I have a few questions I would like to ask about string literals and C-strings.
So if I have something like this:
char cstr[] = "c-string";
As I understand it, the string literal is created in memory with a terminating null byte, say for example starting at address 0xA0 and ending at 0xA9, and from there the address is returned and/or casted to type char [ ] which then points to the address.
It is then legal to perform this:
for (int i = 0; i < (sizeof(array)/sizeof(char)); ++i)
cstr[i] = 97+i;
So in this sense, are string literals able to be modified as long as they are casted to the type char [ ] ?
But with regular pointers, I've come to understand that when they are pointed to a string literal in memory, they cannot modify the contents because most compilers mark that allocated memory as "Read-Only" in some lower bound address space for constants.
char * p = "const cstring";
*p = 'A'; // illegal memory write
I guess what I'm trying to understand is why aren't char * types allowed to point to string literals like arrays do and modify their constants? Why do the string literals not get casted into char *'s like they do to char [ ]'s?
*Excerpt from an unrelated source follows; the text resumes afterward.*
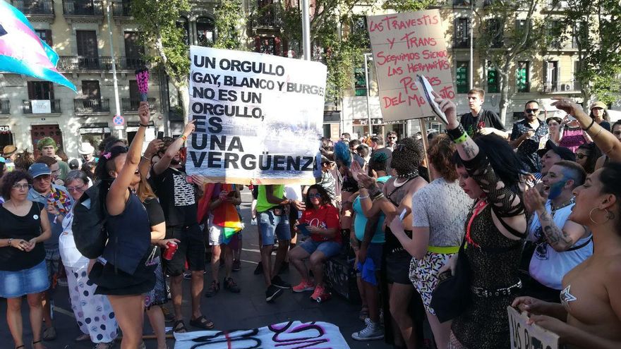 Miguel recuerda que la revuelta de Stonewall la iniciaron “mujeres, trans y pobres”, un espíritu que sí aprecia en la manifestación del centro Barcelona pero no en el Pride, el evento festivo que se celebra al mismo tiempo a unos kilómetros de distancia, en los alrededores de la plaza España de la capital catalana. Este mexicano hace suyas las palabras de un cartel de las decenas que se levantan en la plaza: “Un orgullo gay, blanco y burgués, no es un orgullo, es una vergüenza”.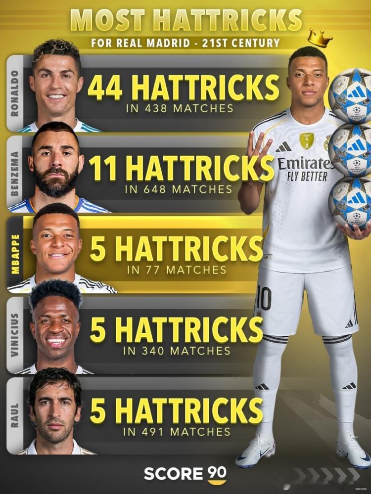 断档领先!本世纪皇马戴帽次数榜:C罗44次居首,本泽马11次、姆巴佩5次c罗姆巴佩

If I have the wrong idea here or am completely off, feel free to correct me.

The bit that you're missing is a little compiler magic where this:
char cstr[] = "c-string";
Actually executes like this:
char *cstr = alloca(strlen("c-string")+1);
memcpy(cstr,"c-string",strlen("c-string")+1);
You don't see that bit, but it's more or less what the code compiles to.

char cstr[] = "something"; is declaring an automatic array initialized to the bytes 's', 'o', 'm', ...
char * cstr = "something";, on the other hand, is declaring a character pointer initialized to the address of the literal "something".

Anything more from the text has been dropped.